Page history last edited by PBworks 14 years, 8 months ago

(Information gathered from an informal poll conducted through the NACAC listserv and other contacts. Responses from approximately institutions have been summarized by Christine Benedict of Edgewood College in WI.)

Institutions that ask questions about felony convictions on the application for admission:

Barton College

Emory University

Flagler College

George Mason University

Hood College

Pomona College

Shawnee State University

State University of New York System

University of Florida System

University of South Carolina

Wayne State College

When asked, the question is typically phrased:

"Have you ever been convicted of an offense other than a minor traffic violation? Please explain."

When students respond yes, typical follow-up procedures include:

1. Having the student submit a detailed explanation of the offense/police reports.

2. On-campus interview with the student and staff member.

3. Having the Dean of Students or a committee review the explanation to determine if the student would be a threat to campus safety and subsequently be denied admission.

4. Not admitting the student (only 3 schools indicated that they denied all

convicted felons).

If student is admitted procedures include:

1. Restricting their admission as it is related to their offense. For example, not having them work in the business office, campus school, or facilities or live in the residence halls if their offenses were related to theft, forgery, assault, etc.

2. Regular meetings with a campus staff member or parole officer.
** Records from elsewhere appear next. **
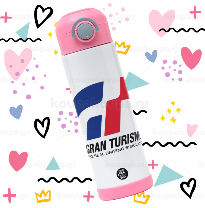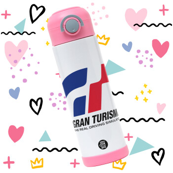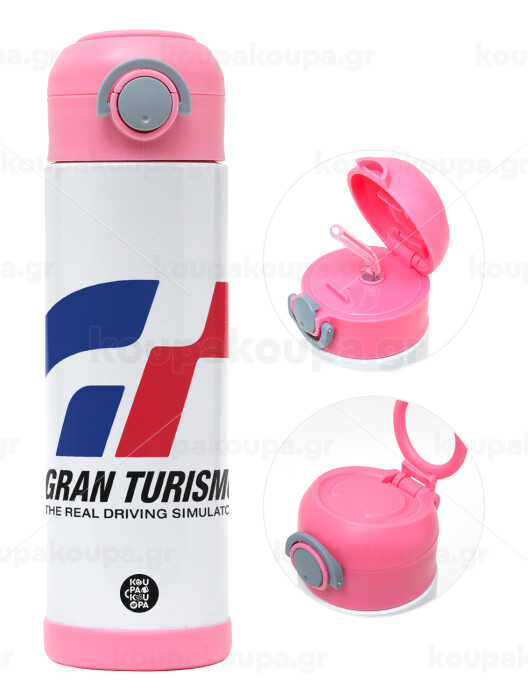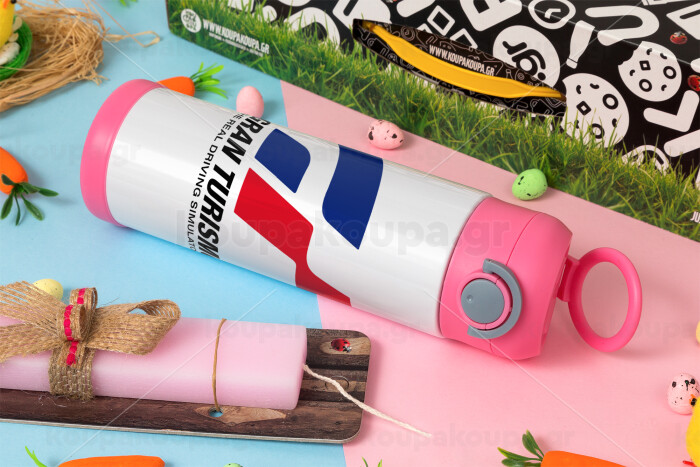 gran turismo, Πασχαλινή Λαμπάδα με Παιδικό παγούρι θερμό, ανοξείδωτο, με καλαμάκι ασφαλείας, ΡΟΖ (500ml)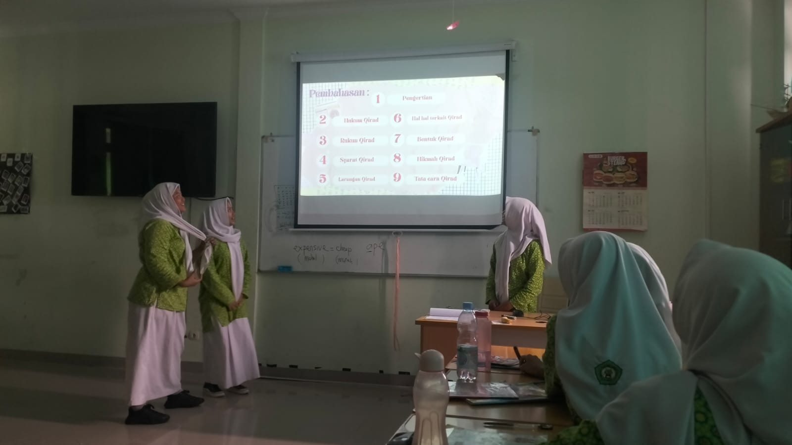 Presentasi berlangsung menarik, karena siswa tidak hanya menampilkan materi, tetapi juga mencoba memberikan contoh-contoh aplikatif dalam kehidupan sehari-hari. Hal ini membuat suasana kelas menjadi lebih hidup, interaktif, dan mudah dipahami. Melalui kegiatan ini, siswa diharapkan semakin memahami konsep Fikih secara mendalam, serta terbiasa menggunakan teknologi sebagai sarana pendukung pembelajaran yang kreatif dan menyenangkan.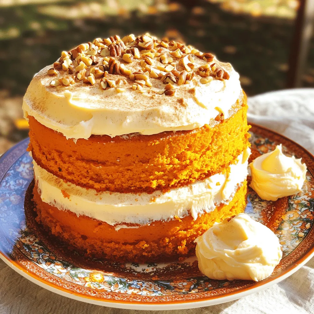 - 2 cups all-purpose flour - 2 teaspoons baking powder - 1 teaspoon baking soda - 1 teaspoon ground cinnamon - 1 teaspoon ground nutmeg - ½ teaspoon ground ginger - ½ teaspoon salt - 1 cup granulated sugar - ½ cup brown sugar, packed - 1 cup vegetable oil - 4 large eggs - 1 ½ cups pumpkin puree - 1 teaspoon vanilla extract - 8 oz cream cheese, softened - ½ cup powdered sugar - 1 teaspoon vanilla extract (for frosting) - ½ cup heavy cream (for frosting) To create this yummy Pumpkin Cream Cheese Layer Cake, let’s start with the ingredients. First, we have our dry ingredients. We need all-purpose flour, baking powder, baking soda, cinnamon, nutmeg, ginger, and salt. Each of these adds flavor and helps the cake rise. Next, let’s look at the wet ingredients. We have granulated sugar and brown sugar to sweeten our cake. The vegetable oil keeps it moist, and the eggs bind everything together. Pumpkin puree gives it that rich, fall flavor, while vanilla extract adds a hint of sweetness. For the frosting, we need cream cheese, powdered sugar, and a touch of vanilla for flavor. The heavy cream helps make the frosting light and fluffy. When we mix all these ingredients right, we create a layered cake that is not only tasty but also looks beautiful on the plate. Gather these ingredients and enjoy the process of baking. Each one plays a key role in making your dessert a delight! 1. Preheat your oven to 350°F (175°C). Grease and flour two 9-inch round cake pans. 2. In a medium bowl, whisk together the dry ingredients: flour, baking powder, baking soda, cinnamon, nutmeg, ginger, and salt. Set this bowl aside. 3. In a large bowl, mix the wet ingredients: granulated sugar, brown sugar, and vegetable oil. Beat until well combined. 4. Add the eggs one by one, mixing well after each addition. Then, stir in pumpkin puree and vanilla extract until the mix is smooth. 5. Gradually add the flour mix into the pumpkin mix. Stir until just combined; avoid overmixing. 6. Divide the batter evenly between the prepared pans. Bake for 25 to 30 minutes. A toothpick should come out clean when inserted into the center. 7. Let the cakes cool in the pans for 10 minutes. Then, transfer them to wire racks to cool completely. 8. While the cakes cool, prepare the cream cheese frosting. In a medium bowl, beat the softened cream cheese until it is smooth. 9. Gradually add powdered sugar and vanilla extract. Mix until well combined. 10. In another bowl, whip the heavy cream until soft peaks form. Gently fold this into the cream cheese mix until blended. 11. Once the cakes are fully cooled, place one layer on a serving plate. Spread a generous amount of cream cheese frosting on top. 12. Add the second cake layer on top of the frosted layer. Spread more frosting on top and around the sides of the cake. 13. For decoration, sprinkle pumpkin spice, chopped nuts, or a dash of cinnamon on top if you wish. For a lovely presentation, slice the cake and serve on decorative plates. Add a dollop of extra frosting on the side and garnish with a small piece of pumpkin and a light sprinkle of cinnamon. Enjoy this delightful treat! To ensure even baking, follow these steps: - Oven Temperature: Always preheat your oven to 350°F (175°C). This helps the cake rise nicely. - Pan Preparation: Grease and flour your cake pans well. This stops the cake from sticking. - Check for Doneness: Use a toothpick to test the center. If it comes out clean, your cake is ready. For measuring ingredients, use these tools: - Dry Measuring Cups: Use them for flour and sugar. Fill to the top and level off. - Liquid Measuring Cups: Use them for oil and pumpkin puree. Look at the meniscus for accuracy. - Kitchen Scale: Weighing ingredients gives the best results, especially for baking. To achieve the perfect cream cheese frosting, try these tips: - Softened Cream Cheese: Make sure your cream cheese is at room temperature. This helps it blend smoothly. - Gradual Sugar Addition: Add powdered sugar little by little. This prevents lumps in your frosting. - Whipped Cream: Fold in whipped cream gently. This keeps the frosting light and fluffy. Avoid common frosting mistakes: - Overmixing: Mix just until combined. Overmixing can make the frosting runny. - Too Much Sugar: If your frosting is too sweet, add a pinch of salt. This balances the flavors. For slicing and serving the cake: - Use a Sharp Knife: A sharp knife gives clean slices. Dip it in warm water for best results. - Chill the Cake: If the cake is too soft, chill it for 30 minutes. This makes slicing easier. For garnishing ideas: - Pumpkin Spice: Sprinkle some pumpkin spice on top for extra flavor. - Chopped Nuts: Add some chopped nuts for texture. Walnuts or pecans work well. - Cinnamon Sprinkle: A light sprinkle of cinnamon adds a nice touch. It looks pretty and tastes great! {{image_2}} You can take this cake to the next level by adding chocolate or caramel. Just swirl some melted chocolate or drizzle caramel on top of the cream cheese frosting. It adds a rich taste that pairs well with the pumpkin flavor. You can also try different spices. Adding cardamom or allspice gives a unique twist to the classic taste. If you need a gluten-free option, swap all-purpose flour for a gluten-free blend. Make sure it has a good balance of flours. For a vegan version, use a plant-based oil and replace eggs with flax eggs or applesauce. You can also make the frosting vegan by using a vegan cream cheese alternative. For holiday-themed additions, consider adding cranberries or pecans. They not only enhance the flavor but also add a festive look. You can even use seasonal fruits like apples or pears. Chopped nuts also bring a nice crunch and flavor to each slice. Store leftover cake in the fridge. Wrap each piece in plastic wrap. This keeps the cake fresh. Place the wrapped cake in an airtight container. It will stay good for about five days. To extend shelf life, avoid cutting the cake until ready to serve. Keeping it whol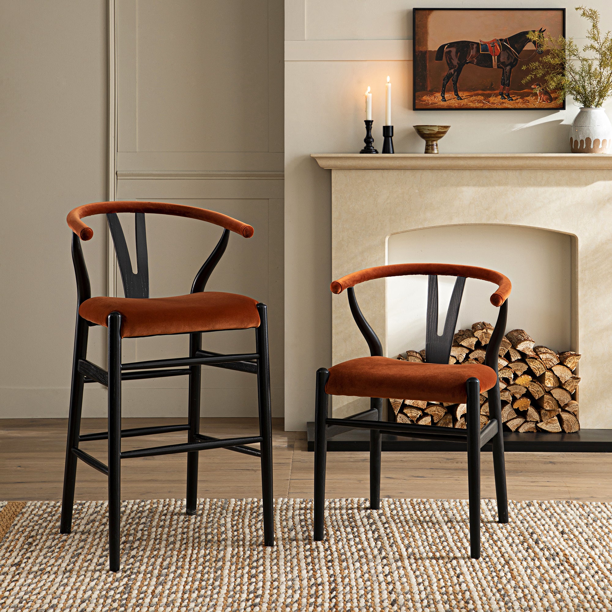 - Upholstered in sumptuous rust velvet, the chair is sturdily crafted from solid elm wood in black finish.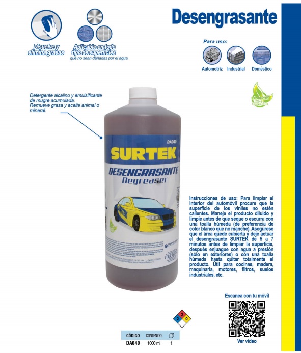 Desengrasante ecológico alcalino. Se puede diluir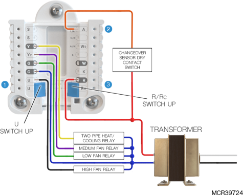 Typical wiring of 2-pipe fan coil without reheat using dry contact switch for Heat/Cool changeover

Institutions that do not ask questions about felony convictions:

Lawrence University

Northland College

University of Dallas

University of Wisconsin system

(and probably many others)

Common concerns/explanations include:

1. If a student is admitted through the process and something goes wrong, the college had explicit knowledge and was unable to protect itself or its students. It was suggested we speak to our legal counsel about this.

2. When a convicted felon is eligible to live freely in society, it has been determined by our legal system that they have paid their debts and should no longer be a threat.